Confusion related to reproducible kernel hilbert space I am confused why the kernel is called reproducible in kernel hilbert space. Aren't there any easy ones that could help me get some idea what it is all about
 A: In a reproducing kernel Hilbert space $K$, the reproducing kernel $\phi$ "reproduces" functions pointwise by 
$$(f, \phi(\cdot, x)_K = f(x)$$
You can actually build your own reproducing kernel Hilbert space by choosing some subset $\Omega \subset \mathbb{R}^n$, a positive definite function, such as $\phi(x,y) = exp(-\|x-y\|^2)$ and considering the set of all functions $\{k(\cdot,x) : x \in \Omega\}$. You can define a bilinear form on this set by $(k(\cdot,x),k(\cdot,y)) = k(x,y)$, and then take the completion of this space to get a complete inner product space.

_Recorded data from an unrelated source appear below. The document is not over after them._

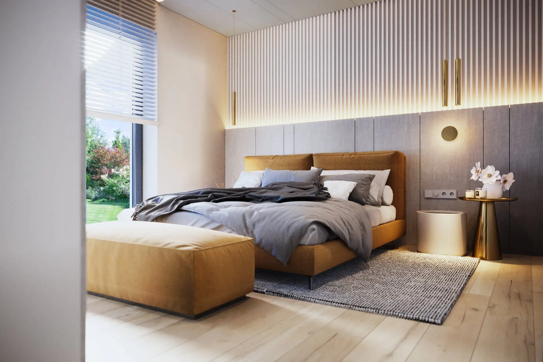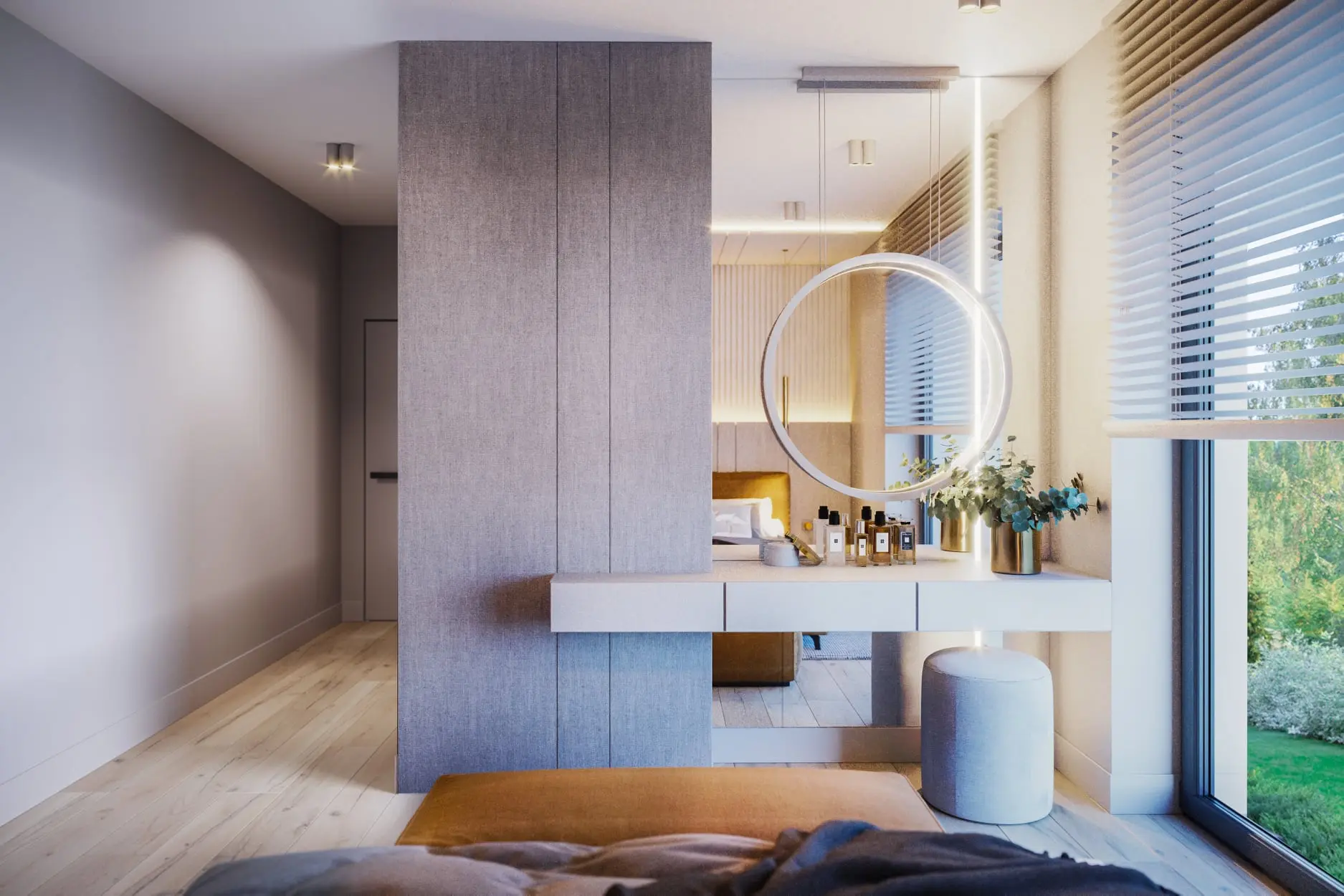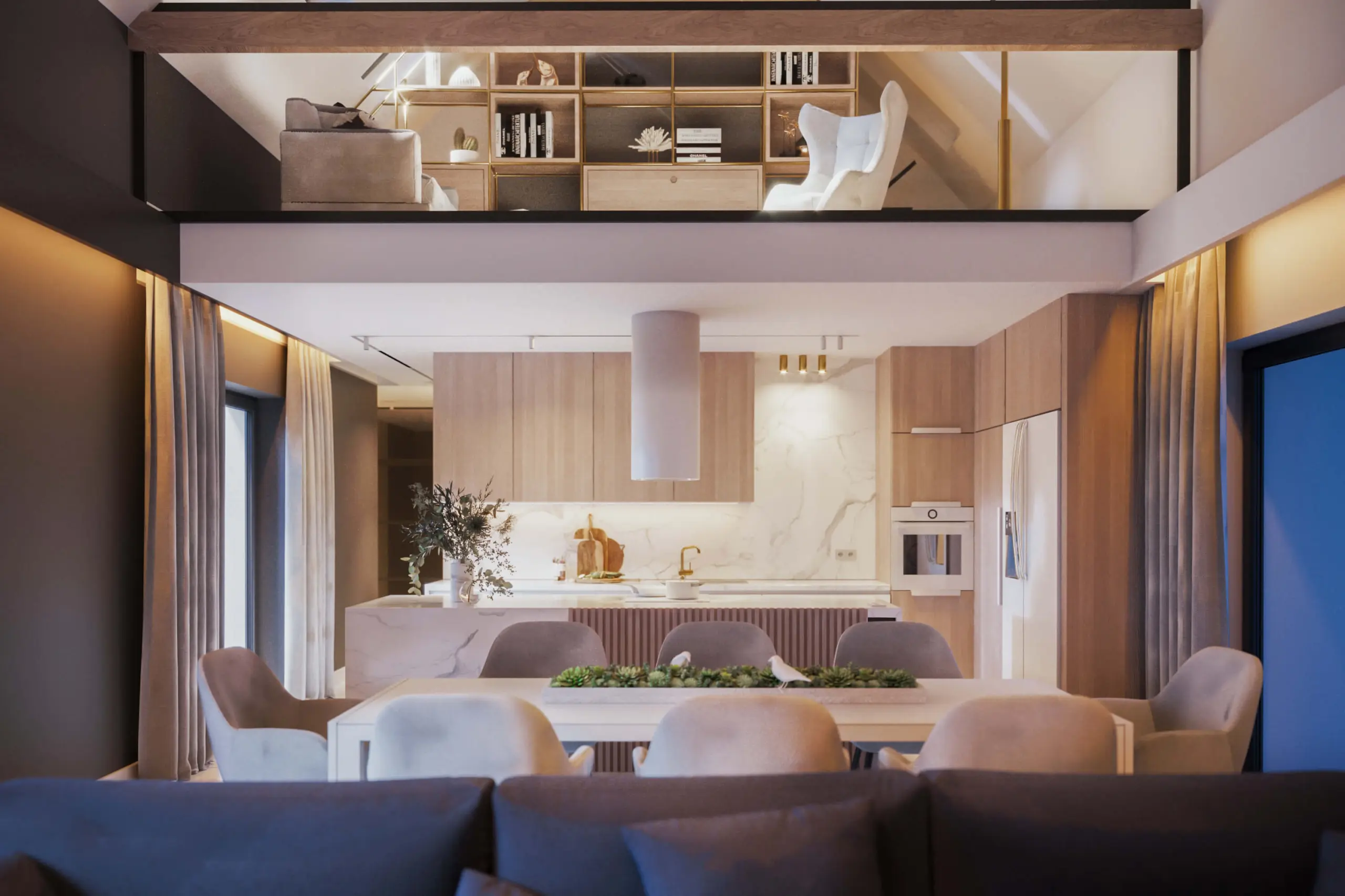 Projekt wnętrza łączy przytulny nastrój z elegancją. Architektka wykorzystała harmonijne zestawienia jasnego drewna z bielą, antracytem i złotymi dodatkami.
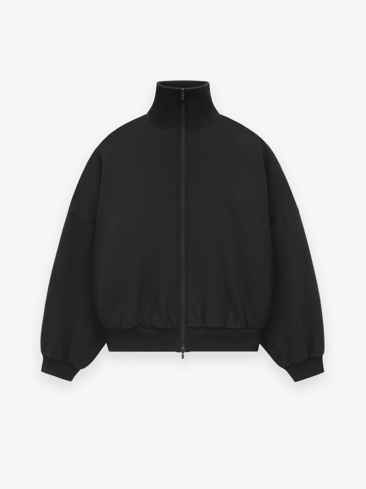 The High Neck Jacket is sewn in Italy from cotton-wool to elevate the sportswear style. The relaxed fit in the body, dropped shoulders create comfort. A high neckline, full front zip, side pockets, wool rib-knit cuffs, and waist-hem frame the piece. A Fear of God label is stitched at the back collar.
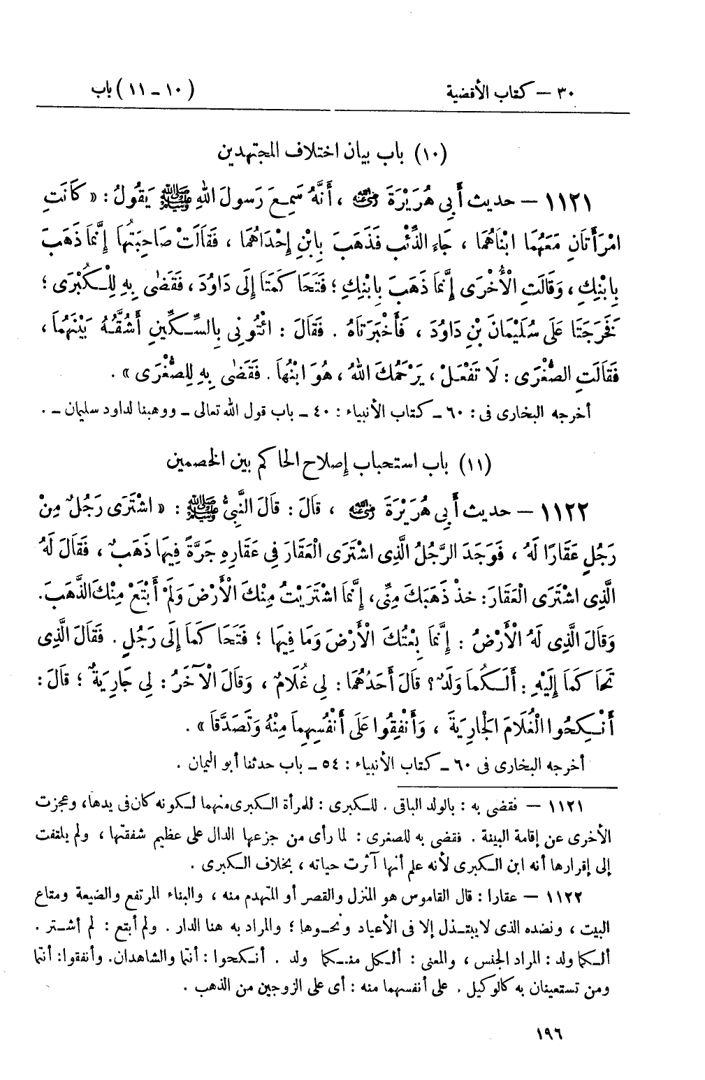 1121 - حديث أَبِي هُرَيْرَةَ رضي الله عنه، أَنَّهُ سَمِعَ رَسُولَ اللهِ صَلَّى اللَّهُ عَلَيْهِ وَسَلَّمَ يَقُولُ: كَانَتِ امْرَأَتَانِ مَعَهُمَا ابْنَاهُمَا، جَاءَ الذِّئْب فَذَهَبَ بِابْنِ إِحْدَاهُمَا، فَقَالَتْ صَاحِبَتُهَا إِنَّمَا ذَهَبَ بِابْنِكِ، وَقَالَتِ الأُخْرَى إِنَّمَا ذَهَبَ بِابْنِكِ؛ فَتَحَاكَمَتَا إِلَى دَاوُدَ، فَقَضى بِهِ لِلْكُبْرَى؛ فَخَرَجَتَا عَلَى سُلَيْمَانَ بْنِ دَاوُدَ، فَأَخْبَرَتَاهُ فَقَالَ: ائْتُونِي بِالسِّكِّينِ أَشُقُّهُ بَيْنَهُمَا، فَقَالَتِ الصُغْرَى: لاَ تَفْعَلْ، يَرْحَمُكَ اللهُ، هُوَ ابْنُهَا فَقَضى بِهِ لِلصُّغْرَى
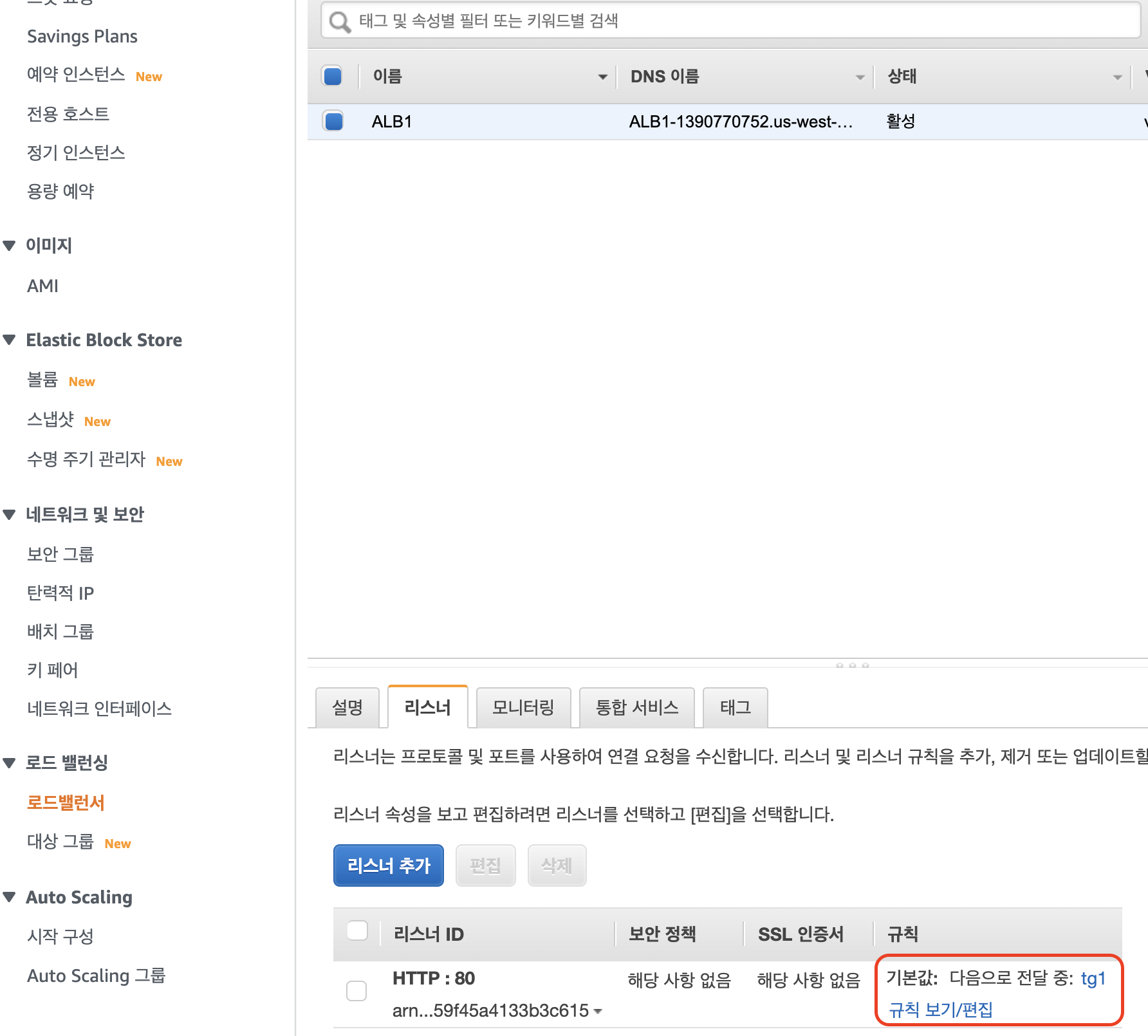 우선, AWS Console 창에서 EC2 를 검색한 후, 로드 밸런싱 아래 로드밸런서를 선택하고, 아래의 리스너 탭을 선택하고 규칙 보기/편집 을 클릭합니다.
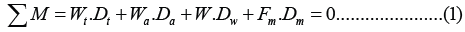Where Dt, Da, Dw, Dm are the distance from the torso, arms, center of the object and the psoas muscles to L4, respectively. The force acting at L4 as in Figure 2 will be the summation of Fm and all the weights in the direction.
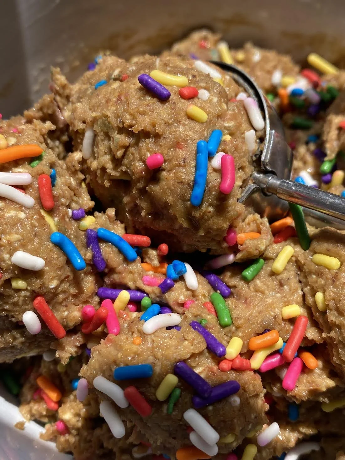Protein bites, chopped apple folded in, coated in powdered sugar.

You can show that the bilinear form is an inner product, and the completion of this pre-Hilbert space is called a Native space for the kernel $k$. See, Holger Wendland's book "Scattered Data Approximation" or Greg Fasshauer's book "Meshfree Approximation Methods in Matlab" for more details.
For a concrete example, consider the Sobolev space $H^1(\mathbb{R})$ with the inner product
$$(f,g)_{H^1} = \int_{\mathbb{R}} f(x) g(x) + f'(x) g'(x) dx$$
Then, the kernel $K(\cdot,x) = \frac{1}{2}exp(-|x-\cdot|)$ is a reproducing kernel, as you can show that
$$(f,k(\cdot,x))_{H^1} = f(x)$$